Information on pesticide use was updated between 1999 and 2005 with the use of a computer-assisted telephone interview (CATI). Participants were asked to report all pesticides used in the year prior to the interview as well as the frequency of use. Because only 36,342 applicators (63%) completed both the baseline and follow-up questionnaires, we used multiple imputation with logistic regression and stratified sampling to impute missing pesticide exposure information for 20,968 applicators who did not complete the follow-up interview (Heltshe et al. 2012).
In addition to updating pesticide use information between 1999 and 2005 with the CATI, smoking status (current, past, never), but not pack-years, was also updated. To update pack-years of cigarette smoking among current smokers (n = 7,637), we multiplied the number of cigarettes smoked that was reported in the enrollment questionnaire by the number of intervening years between the enrollment and the follow-up interview. These additional pack-years of cigarette smoking were then added to the total pack-years calculated from the enrollment questionnaire to update total pack-years of cigarette smoking. For participants who reported being current smokers on the enrollment questionnaire but reported being former smokers in the follow-up interview (n = 1,712), the number of cigarettes smoked per day reported at enrollment was used in the aforementioned calculation, and the number of years of smoking during the intervening time period was estimated to comprise half the time period. This same algorithm was used for participants who reported being former smokers at enrollment, but reported smoking currently in the follow-up interview (n = 573). For participants missing information on smoking on the enrollment and the follow-up interview (n = 1,051), pack-years of smoking was not imputed. Similarly, because a small proportion of participants (n = 1,033) was missing information on the number of cigarettes smoked per day (enrollment questionnaire), pack-years of smoking was not imputed. In addition, participants missing information on other potential confounders (e.g., age, sex, total lifetime pesticide days) (n = 4,338) were also excluded. In total, 7,498 participants were excluded, leaving 49,812 (89%) participants for the statistical analysis of pesticide exposure.

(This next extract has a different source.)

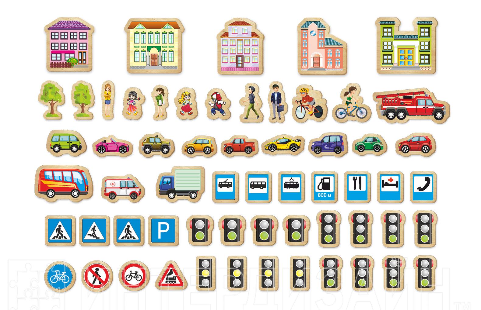 Комплект деревянных магнитов ПДД (60 шт) Эко формат! - Описание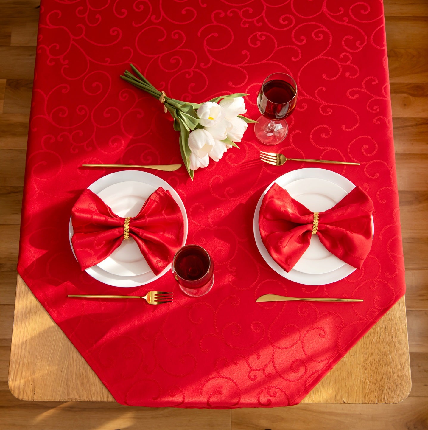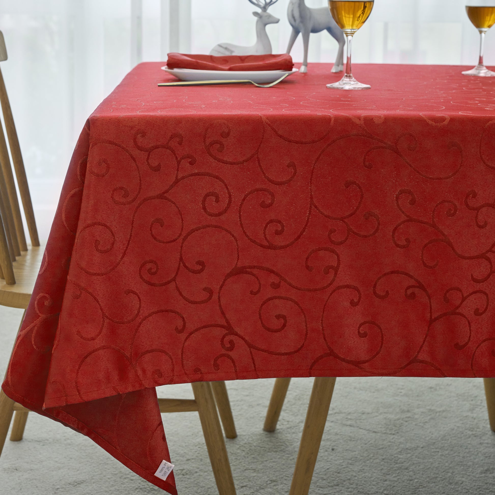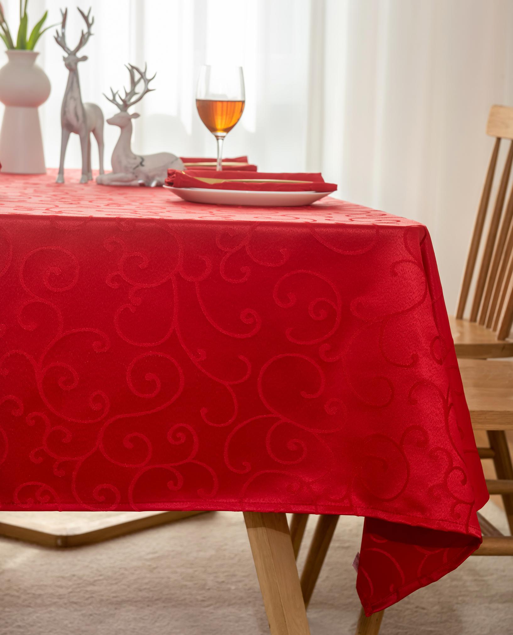 Jacquard Waterproof Thick Luxury Premium Solid Liquid Repellent Stain Resistant Decorative Home Kitchen Tablecloth, Red Color

We used Cox proportional hazards to estimate hazard ratios and 95% confidence intervals, using age at risk as the time scale, to assess potential associations between pesticide use and the incidence of lung cancer. We evaluated 43 specific pesticides here. Diazinon (Jones et al. 2015) and metolachlor (Silver et al. 2015) were not evaluated because results from the evaluation of these pesticides have recently been published. In addition, 5 other pesticides (trichlorfon, carbon tetrachloride/carbon disulfide, aluminum phosphide, ziram, and 2-(2,4,5-trichlorophenoxy)propionic acid (2,4,5-TP; fenoprop) were not evaluated because there were fewer than 15 exposed lung cancer cases, which is too few for meaningful analyses. Lifetime days of exposure and intensity-weighted lifetime exposure-days were both categorized into quartiles based on the distribution among the lung cancer cases to assess exposure–response gradients where possible. For 7 pesticides (aldrin, captan, carbofuran, coumaphos, dieldrin, heptachlor, and toxaphene) tertiles were used because of the relatively small number of exposed lung cancer cases. In addition to assessing cumulative lifetime exposure-days, we also conducted analyses in which lifetime exposure-days were lagged 5 and 15 years.
A priori covariates used in our previous report (Alavanja et al. 2004) included age, sex, pack-years of smoking separately for current and former smokers, and total lifetime days of pesticide use. We further evaluated potential confounding from cigarette smoking by including pack-years of cigarette smoking as a continuous variable; these two approaches yielded comparable risk estimates. We also assessed the potential for confounding by other covariates [education, body mass index, family history of lung cancer, race, state of residence, fruit and vegetable intake, alcohol consumption, and raising poultry and livestock, which is associated with reduced lung cancer incidence among farmers in the AHS (Beane Freeman et al. 2012)]; none of these variables meaningfully influenced the estimates of relative risk. In addition to adjusting for total lifetime days of pesticide application, we also conducted additional analyses adjusting for lifetime days of diazinon, dieldrin, and pendimethalin use because these pesticides were previously associated with lung cancer incidence in the AHS. Our final models included the a priori covariates only.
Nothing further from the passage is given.